Records Start Marker
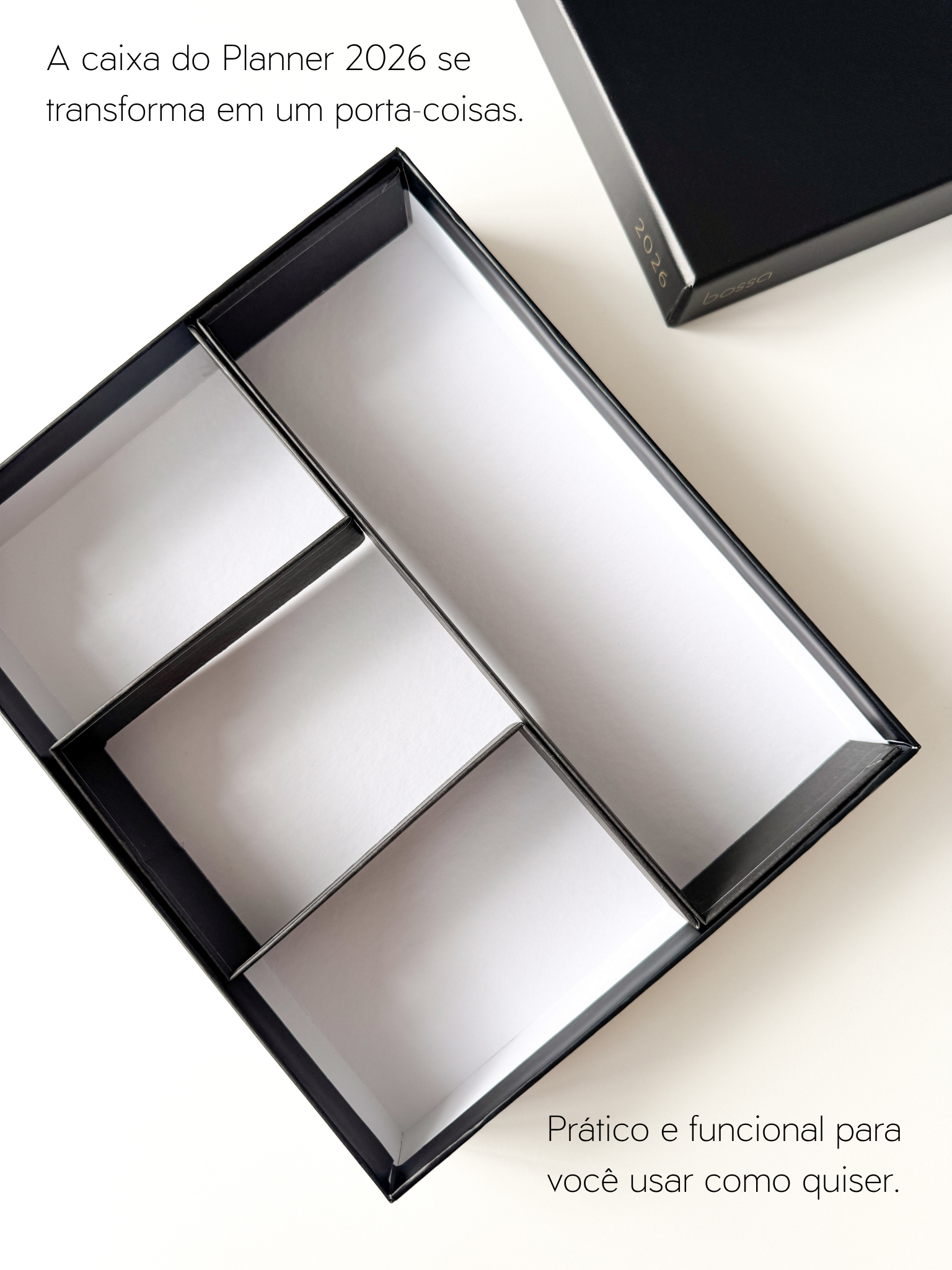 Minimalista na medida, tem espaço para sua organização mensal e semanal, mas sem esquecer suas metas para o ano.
Records End Marker
Records Start Marker
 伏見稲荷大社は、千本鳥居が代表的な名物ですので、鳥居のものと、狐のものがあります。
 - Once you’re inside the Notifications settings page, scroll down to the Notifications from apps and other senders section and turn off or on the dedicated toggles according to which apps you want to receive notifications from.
Records End Marker
__To do__: Among the lines above, repeat exactly those from the line with "伏見稲荷大社は、千本鳥居が代" to the line with "- Once you’re", counting both ends.

__Expected answer__:
 伏見稲荷大社は、千本鳥居が代表的な名物ですので、鳥居のものと、狐のものがあります。
 - Once you’re inside the Notifications settings page, scroll down to the Notifications from apps and other senders section and turn off or on the dedicated toggles according to which apps you want to receive notifications from.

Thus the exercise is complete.